Let’s face it, most of us who have become adept at using smartphones and tablets have become quite accustomed to using our fingers as the primary input devices. Microsoft took note of this and enveloped Windows 8 in something of a hybrid interface to permit this on touch-capable devices. Right now I’m running Windows 8 Pro on a 16″ Dell XPS 1640 laptop I configured back in 2009. In my position as one of my company’s two IT admins and software tester, I need to keep abreast of the latest OS technologies, so I took the plunge and put Windows 8 on my home laptop.

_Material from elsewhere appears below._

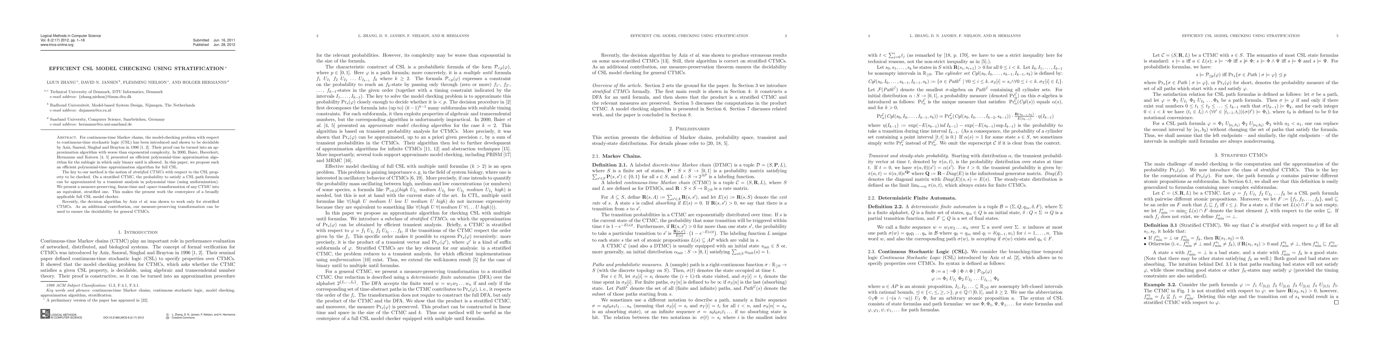 This paper proposes an efficient polynomial-time approximation algorithm for full continuous-time stochastic logic (CSL) model checking using stratified continuous-time Markov chains (CTMCs). The authors introduce a linear-time transformation to convert any CTMC into a stratified one, enabling polynomial-time transient analysis.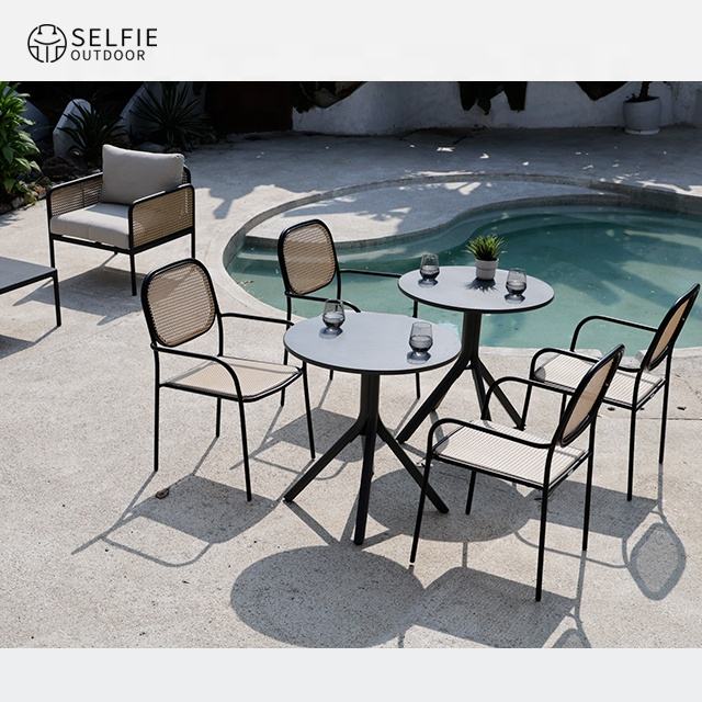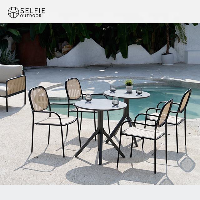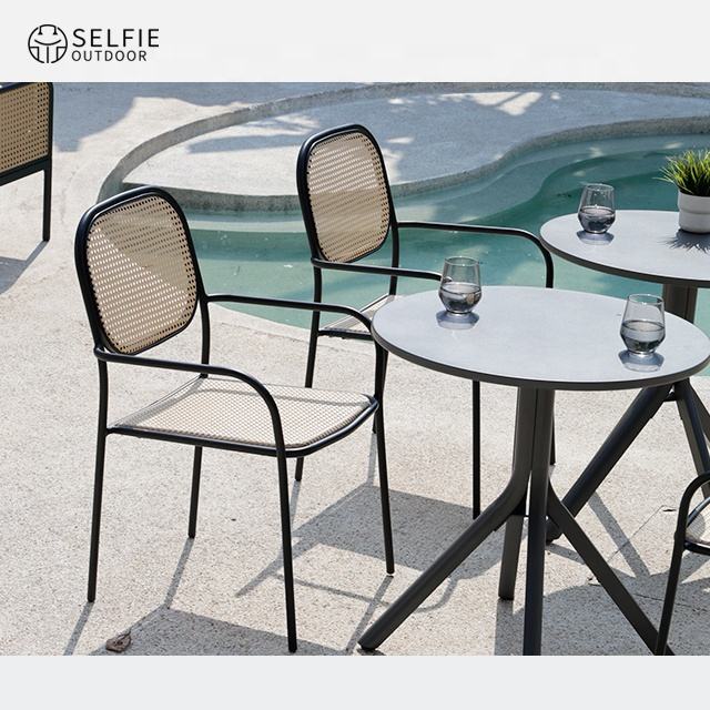 Silla de comedor moderna de ratán para exteriores con estructura de metal para eventos de hoteles y villas resistente a los rayos UV

Generally speaking, I found the Modern interface something of an impedance getting to the desktop where most of my apps operated precisely because it was geared towards less-precise tactile interaction, so when I had the chance to review the Targus Touch Pen for Windows 8, I was intrigued — first by how it could improve my stormy relationship with the Modern interface and with how well the Touch Pen engaged the OS overall. The real heart of the matter here is determining whether or not the pen adds and enhances the end-user experience at best, simply replaces one input device with another, or at worst becomes a hindrance.
With the release of Windows 8, Microsoft has really shaken up how users interact with the desktop. Seeking to form a more blended ecosystem between the newly released Windows Phone 8 devices and the Windows 8 operating system, Microsoft really pushed for a desktop interface that could take advantage of touchscreen user interaction. Transitioning to the new OS for owners of tablets, laptops or ultrabooks with capacitive touchscreens has doubtless been easier than those lacking touchscreens, but hindered users take heart. Targus has released a new pen peripheral to bring interactive functionality to standard screens, the Touch Pen for Windows 8.
The Targus Touch Pen for Windows 8 consists of a capped brush pen and a wired USB receiver that uses a small magnetic strip to attach itself to the side of a laptop display. The Targus Pen specifications state that screens up to 17″ are supported, so my 16″ screen (1366×768) should work just fine.
A very big plus is that the Touch Pen requires no 3rd party drivers: users need only properly position the receiver, plug it in, wait for Windows 8 to identify the device, calibrate the screen and start using the pen. It really was a snap to set up. The pen itself is powered by two replaceable V329 button batteries that are inserted into the botton end of the pen.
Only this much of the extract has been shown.